The questions we wanted to address were the following –
- What does a recommendation engine using collaborative filtering look like?
- How can we build this engine such that any purely mathematical component can be swapped out for a domain aware component?
- What is the template for scaling such an engine?
We started with identification of a suitable framework or library that would have implemented the collaborative filtering algorithms. We looked at a number of options and settled on Apache Mahout as a stable and popular library. Apache Mahout provides a set of libraries which you can use to quickly get started with different machine learning algorithms and another set of libraries you can use to achieve scale with batch processing systems such as Apache Hadoop.
THE VALUE OF THE RECOMMENDATION ENGINE
We built a recommendation engine that analyzes existing user preferences and makes recommendations in real time. Conceptually the engine looks like this.

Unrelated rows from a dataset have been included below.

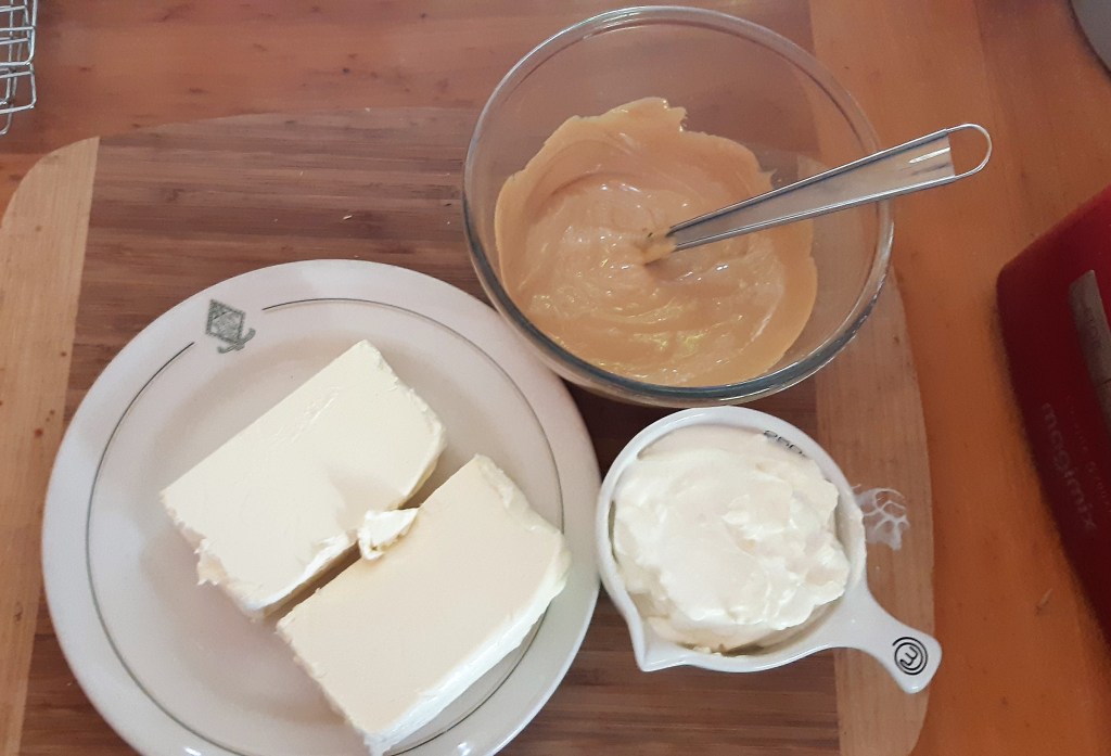 The normal cheesecake base is replaced by Lollycake. And the chocolate cheesecake was made using some caramel chocolate I had secreted away.This recipe uses sour cream in the mix, which balances the sweetness of the chocolate, and gives a really smooth texture to the cheesecake. This is one of the easiest no bake cheesecakes I know. The chocolate “sets” the mix, so there’s no need for gelatine or other setting agents.The Cream cheese must be at room temperature, or you might get lumps of unbeaten cream cheese in your cake. And it must be the full fat cream cheese. The light or spreadable ones just won’t set.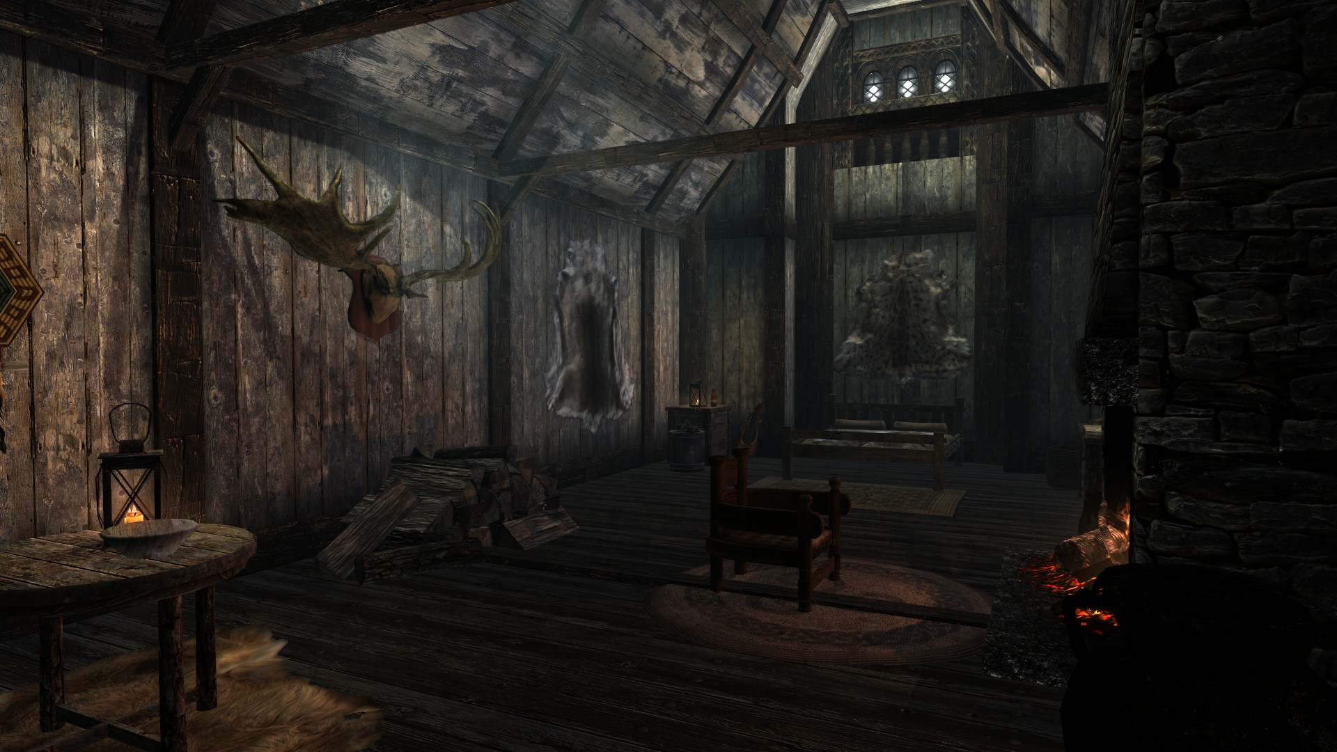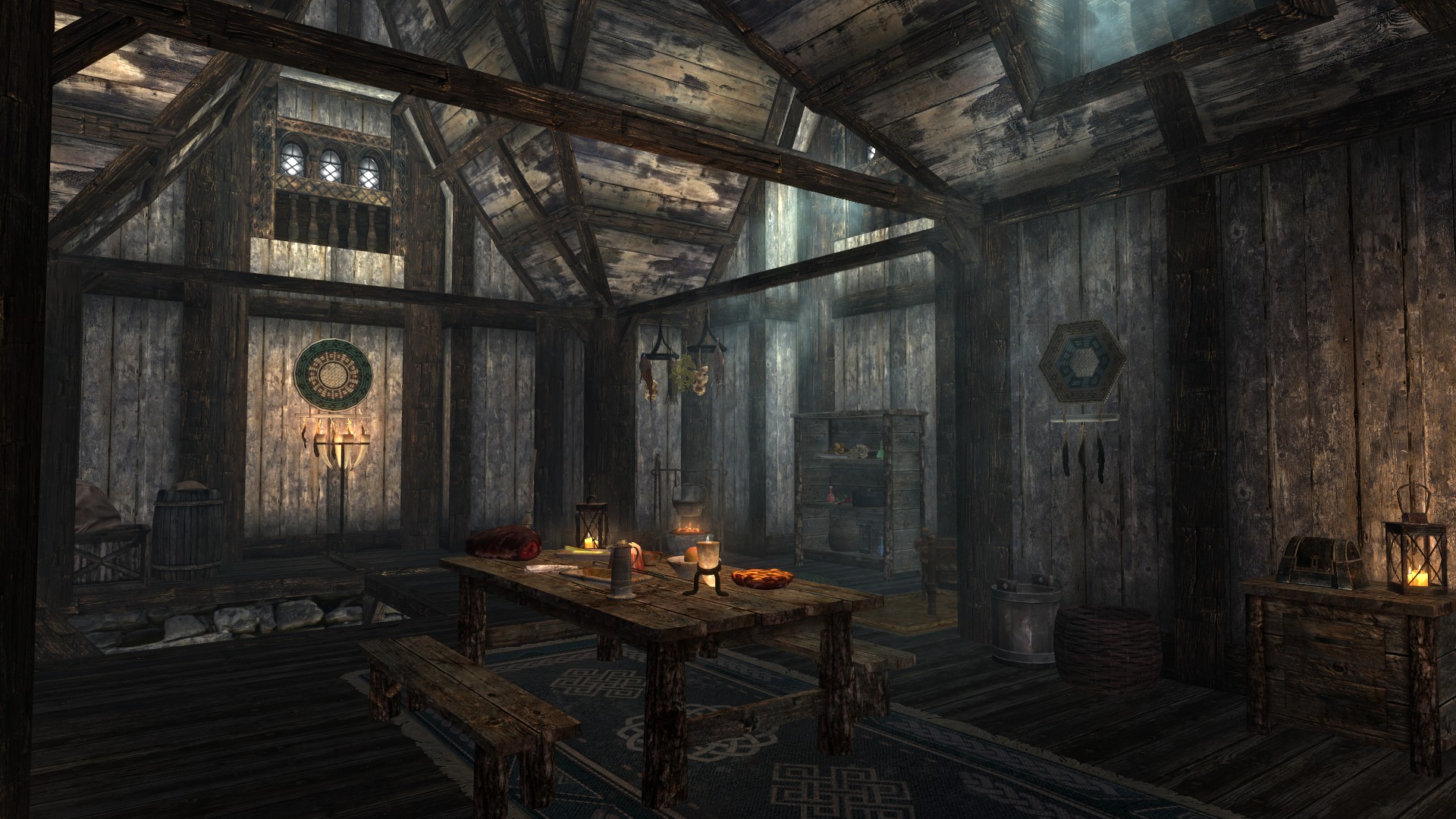Изменений, что я сделал, всего несколько, их можно разделить на две группы: изменения "склада" и остальные изменения. Склад, находящийся прямо за дверным проходом, что находится за "барной стойкой", был поделён на две части: маленькая каморка, где теперь стоят ящики и бочки (также, туда переехала кровать Квинта Навалома), и лаборатория, где теперь стоит алхимическая станция. К общим изменениям можно отнести: починка и устранение всех дырок в полу и стенах, размещение дополнительных источников освещения и "столбов пыли", устранение архитектурной несостыковки на первом этаже (наличие пары окон на углу здания, хоть снаружи есть только одно окно), а также небольшая перестановка мебели.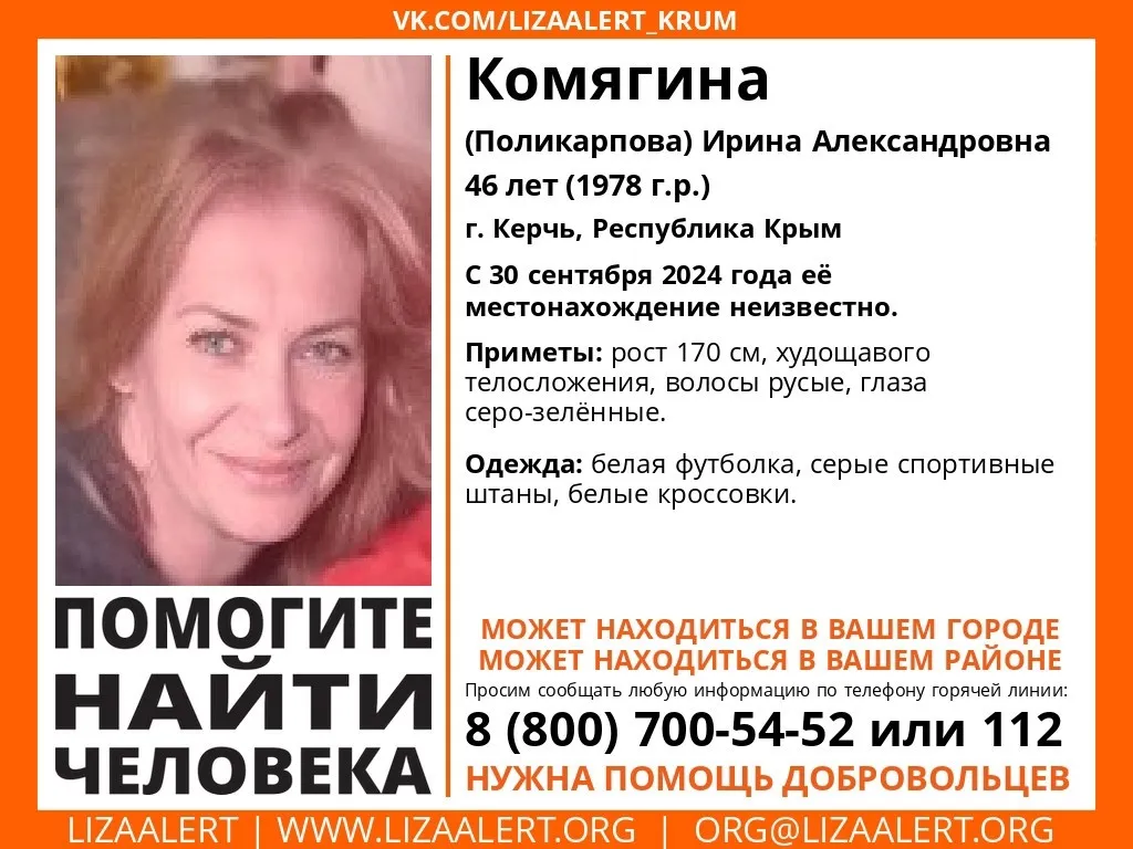 В Керчи разыскивают Комягину (Поликарпову) Ирину Александровну 46 лет (1978 г.р.). Информацию разместил поисковый отряд "Лиза Аллерт", - передает КерчьФМ.

This simple model allows us to experiment with many different configurations to determine the model and configuration that works best for the problem we are trying to solve. For example, the Data Model can be implemented over a relational database, a graph database, a document database or even a flat file. The User Similarity model can be purely mathematical or can take into account user demographics. The whole User Similarity model can be replaced with an Item Similarity model, which in turn can be purely mathematical or aware of the item domain. In addition there are various thresholds and injection points which can affect the recommendations.
If you want to design a car that goes 70 miles a gallon, that is one problem. If you want to design a car that does 500 miles a gallon, that is a completely different problem!
– Eric Schmidt & Jonathan Rosenberg (from a Khan Academy talk)
We realized that we needed to think completely differently if we wanted to achieve scale. The primary problem of achieving scale was the template that we could reuse across different domains. We needed to build something where a certain component could be replaced to address domain concerns and yet the architectural integrity would be maintained. We experimented with different frameworks and ultimately found the answer with this model.
The Oozie component (the small orange block) is the component that mathematically computes the recommendations. If we wanted to introduce domain knowledge, we would only have to replace that component. The rest of the architecture will remain unchanged. Other things we like about this template:
- The system is completely independent of the application using it. There is no on-premise dependency we need to take care of.
- The system is not constrained to a single recommendation data set. We use HDFS to store the data and different data sets could reside at different HDFS paths. The batch process is triggered by a REST call which can point to the desired data set.
- The system is not constrained to a recommendation system! You could use this template for any kind of event collection and batch processing with Apache Hadoop.
We have researching further into recommendation systems. The avenues for further research are –
- Improving architecture by replacing HDFS with HBase.
- Recommendation engines using Apache Spark.
- Recommendations engines that work directly on graph databases.
The recommendation engine utilizes Apache Mahout and Hadoop in combination with a MongoDB database, Quartz scheduler, and Oozie workflow scheduler. It employs the Runkeeper API to power iOS and Android applications, as well as the Google Products API to make product recommendations.